What the exercise asks: Everything from the line with "the club itself." down to the line with "Juliet - elegantné" below must be printed exactly, those two lines included. Exclude pictures.

----- Recorded information -----

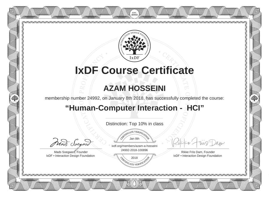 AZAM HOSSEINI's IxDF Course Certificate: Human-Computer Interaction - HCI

-----
----- Recorded information -----

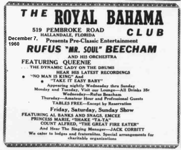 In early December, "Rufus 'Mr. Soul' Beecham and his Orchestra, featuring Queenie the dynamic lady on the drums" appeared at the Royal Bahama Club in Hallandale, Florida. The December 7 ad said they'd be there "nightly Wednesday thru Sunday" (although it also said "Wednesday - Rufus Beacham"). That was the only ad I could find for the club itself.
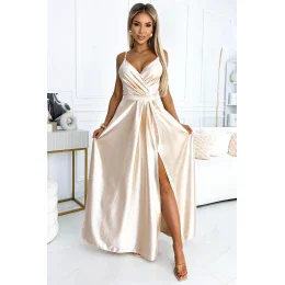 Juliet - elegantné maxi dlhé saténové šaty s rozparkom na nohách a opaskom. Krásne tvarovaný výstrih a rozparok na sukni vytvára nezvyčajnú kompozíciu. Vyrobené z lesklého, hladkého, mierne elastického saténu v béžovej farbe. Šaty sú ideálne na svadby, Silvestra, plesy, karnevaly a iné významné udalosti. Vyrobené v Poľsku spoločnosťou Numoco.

-----

Response for this exercise:
 In early December, "Rufus 'Mr. Soul' Beecham and his Orchestra, featuring Queenie the dynamic lady on the drums" appeared at the Royal Bahama Club in Hallandale, Florida. The December 7 ad said they'd be there "nightly Wednesday thru Sunday" (although it also said "Wednesday - Rufus Beacham"). That was the only ad I could find for the club itself.
 Juliet - elegantné maxi dlhé saténové šaty s rozparkom na nohách a opaskom. Krásne tvarovaný výstrih a rozparok na sukni vytvára nezvyčajnú kompozíciu. Vyrobené z lesklého, hladkého, mierne elastického saténu v béžovej farbe. Šaty sú ideálne na svadby, Silvestra, plesy, karnevaly a iné významné udalosti. Vyrobené v Poľsku spoločnosťou Numoco.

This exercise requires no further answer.